- 2013年1月26日
- [国際事務局発表ニュース]
- 国・地域:米国
- トピック:「テロとの闘い」における人権侵害
米国政府は、無人機による攻撃を含む「標的殺害」(ターゲット・キリング)の「マニュアル」をまとめていると報道されている。米国による致死的な武力行使は、国際法に沿ったものでなければならない。
週末、米国メディアが報じた所によると、バラク・オバマ政権は対テロ政策策定ガイドラインをまとめているという。
だが、この問題についてはすでにルールブックがある。それは国際法だ。米国政府による「標的殺害」についての政策は、全面的に開示されるだけでなく、国際法を遵守するものでなければならない。

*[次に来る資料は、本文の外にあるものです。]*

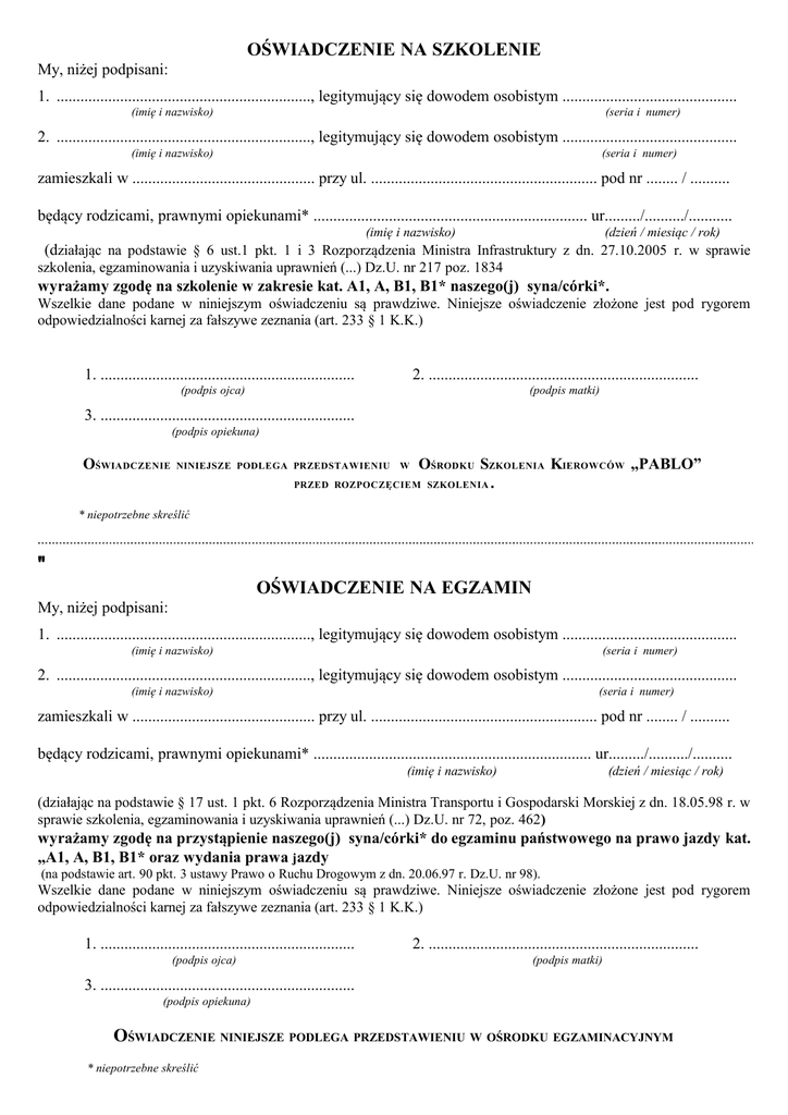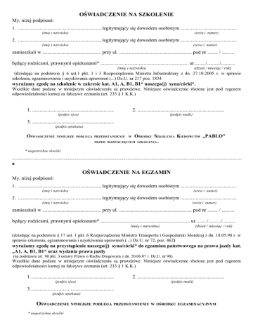 OŚWIADCZENIE NA SZKOLENIE My, niżej podpisani: 1. ................................................................, legitymujący się dowodem osobistym ............................................ (imię i nazwisko) (seria i numer) 2. ................................................................, legitymujący się dowodem osobistym ............................................ (imię i nazwisko) (seria i numer) zamieszkali w .............................................. przy ul. ......................................................... pod nr ........ / .......... będący rodzicami, prawnymi opiekunami* ..................................................................... ur........./........../........... (imię i nazwisko) (dzień / miesiąc / rok) (działając na podstawie § 6 ust.1 pkt. 1 i 3 Rozporządzenia Ministra Infrastruktury z dn. 27.10.2005 r. w sprawie szkolenia, egzaminowania i uzyskiwania uprawnień (...) Dz.U. nr 217 poz. 1834 wyrażamy zgodę na szkolenie w zakresie kat. A1, A, B1, B1* naszego(j) syna/córki*. Wszelkie dane podane w niniejszym oświadczeniu są prawdziwe. Niniejsze oświadczenie złożone jest pod rygorem odpowiedzialności karnej za fałszywe zeznania (art. 233 § 1 K.K.) 1. ................................................................ 2. .................................................................... (podpis ojca) (podpis matki) 3. ................................................................ (podpis opiekuna) OŚWIADCZENIE OŚRODKU SZKOLENIA KIEROWCÓW „PABLO” ROZPOCZĘCIEM SZKOLENIA . NINIEJSZE PODLEGA PRZEDSTAWIENIU PRZED W * niepotrzebne skreślić OŚWIADCZENIE NA EGZAMIN My, niżej podpisani: 1. ................................................................, legitymujący się dowodem osobistym ............................................ (imię i nazwisko) (seria i numer) 2. ................................................................, legitymujący się dowodem osobistym ............................................ (imię i nazwisko) (seria i numer) zamieszkali w .............................................. przy ul. ......................................................... pod nr ........ / .......... będący rodzicami, prawnymi opiekunami* ...................................................................... ur........./........../.......... (imię i nazwisko) (dzień / miesiąc / rok) (działając na podstawie § 17 ust. 1 pkt. 6 Rozporządzenia Ministra Transportu i Gospodarski Morskiej z dn. 18.05.98 r. w sprawie szkolenia, egzaminowania i uzyskiwania uprawnień (...) Dz.U. nr 72, poz. 462) wyrażamy zgodę na przystąpienie naszego(j) syna/córki* do egzaminu państwowego na prawo jazdy kat. „A1, A, B1, B1* oraz wydania prawa jazdy (na podstawie art. 90 pkt. 3 ustawy Prawo o Ruchu Drogowym z dn. 20.06.97 r. Dz.U. nr 98). Wszelkie dane podane w niniejszym oświadczeniu są prawdziwe. Niniejsze oświadczenie złożone jest pod rygorem odpowiedzialności karnej za fałszywe zeznania (art. 233 § 1 K.K.) 1. ................................................................ (podpis ojca) 2. .................................................................... (podpis matki) 3. ................................................................ (podpis opiekuna) OŚWIADCZENIE NINIEJSZE PODLEGA PRZEDSTAWIENIU W OŚRODKU EGZAMINACYJNYM * niepotrzebne skreślić

今まで、政権高官らが公にしてきた弁明では単に、この政策が国際法違反の超法規的処刑を認めているかのようである。
米国政府はこれまで、米国と武装集団の間の戦場として全世界を捉える「世界規模の戦争」法理論に拠ってきた。しかし、この考え方はどんな政策ガイドラインからも排除すべきだ。そうでなければ、致死的な武力が、人権基準を無視して、意図的に行使されるのは明らかだろう。

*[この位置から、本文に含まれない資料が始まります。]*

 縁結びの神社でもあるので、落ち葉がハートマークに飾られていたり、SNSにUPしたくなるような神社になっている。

作成中の「マニュアル」は、パキスタンでのCIAの作戦とは関わりがないとのことである。パキスタンでは300回を超える無人機の攻撃により、戦闘員と思われる人びとだけでなく民間人も殺害していると報じられている。
さらにこれらの報道は、パキスタンや世界各地でのCIAの作戦をめぐって、徹底した秘密主義と独立した監視がなされていないことを浮き彫りにしている。
オバマ大統領は2期目の就任にあたり、「標的殺害」と無人機による攻撃について、政策と行動に関わる全ての法的情報と事実を、今こそ公表しなければならない。また、米国の対テロ作戦で、国際法を超越した行動をとることはできない、という明確な意思表示をすべきである。